Wow, I feel so sorry for him


----------



## bigdbucks (Jun 7, 2002)

definetly not Milwaukee's season, nothing goes right:no: :sigh:


----------



## Pacers Fan (Aug 25, 2002)

This really sucks for the Bucks; I don't think TJ will ever be the same. He had the potential to be one of the best PG's in the league, and a very entertaining player at that.


----------



## whiterhino (Jun 15, 2003)

It's really a shame, I think TJ Ford could have been a John Stockton or a Jason Kidd if this didn't happen...he was the best pure point guard to come into the league in a very very long time.
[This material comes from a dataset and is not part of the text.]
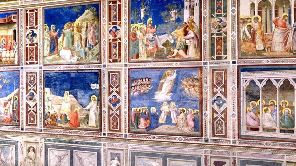Ad una struttura esterna la Cappella, molto semplice e lineare, si contrappone alla ricchezza degli affreschi che la adornano internamente. Affreschi spettacolari realizzati da Giotto tra il 1303 e il 1305, in circa 855 giorni di lavoro, e i quali rappresentano scene del Vecchio e del Nuovo Testamento, dipinte su di una superficie di circa 1000 mq.
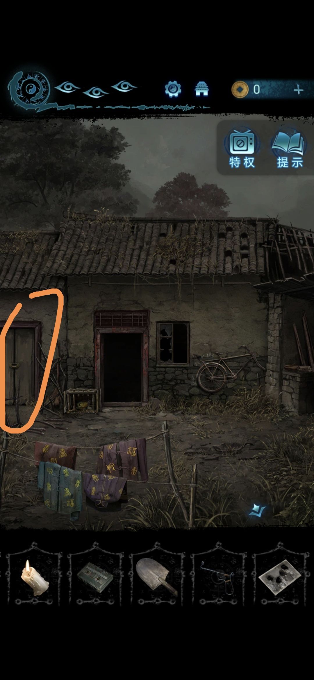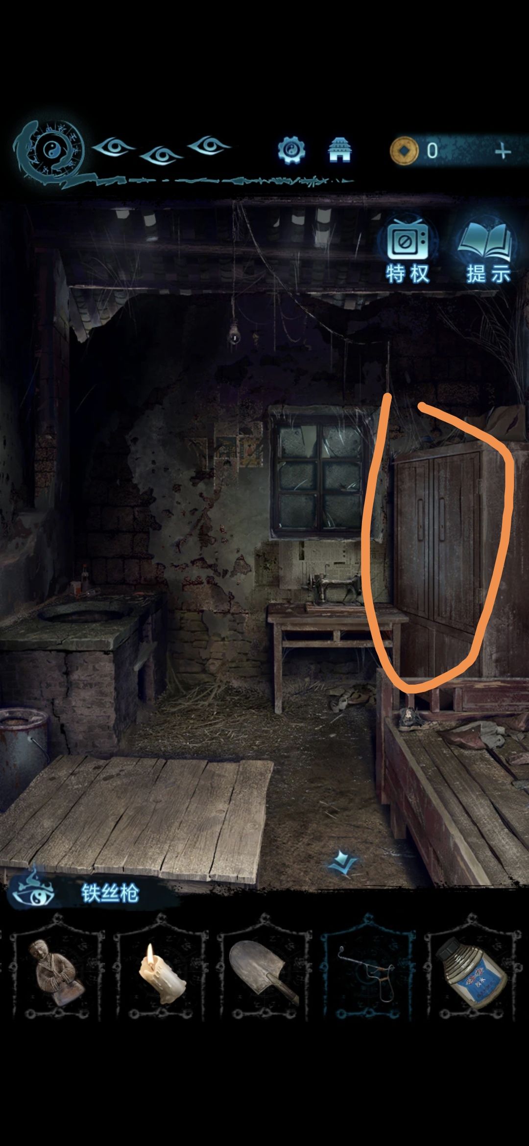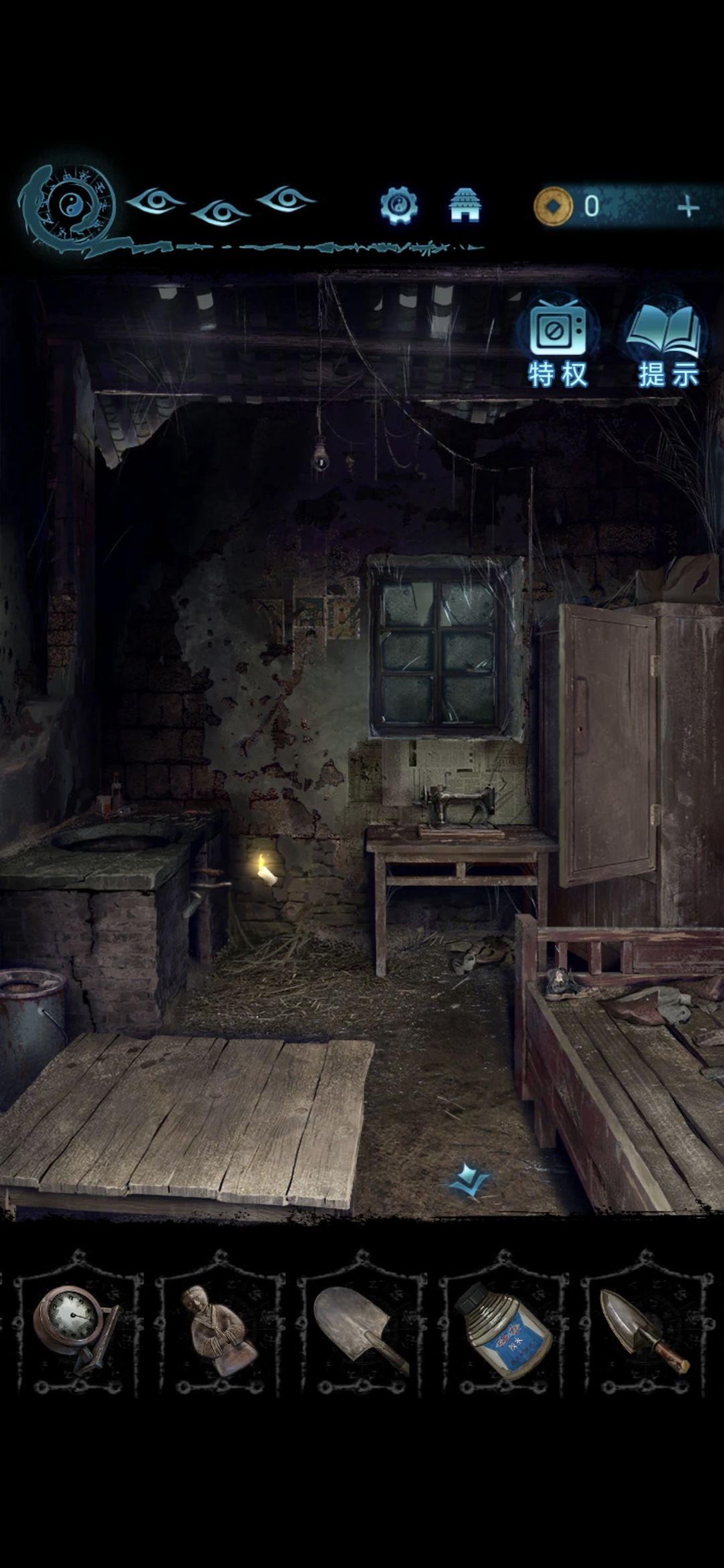 点击房间里的坑,进入坑底,获得蜡烛

I hope he somehow gets healed.


----------



## Priest (Jun 24, 2003)

i think he'll be the same when he comes back he just has to work on his conditioning..but i also heard that his spinal cord could crumble wit da lightest touch


----------



## DHarris34Phan (Oct 28, 2004)

This is bad news for us, definitly, but if we can get TJ Ford back even just 80% next year, but he continues to improve, we have the best young PG tandem in the leauge with Mo Williams and TJ Ford

Keep rehab-ing TJ, we need you! :clap:


----------



## Pan Mengtu (Jun 18, 2004)

Not looking good :nonono:


----------



## Damian Necronamous (Jun 10, 2002)

If Ford ever does get back, it'll be very interesting to see how he pans out.


----------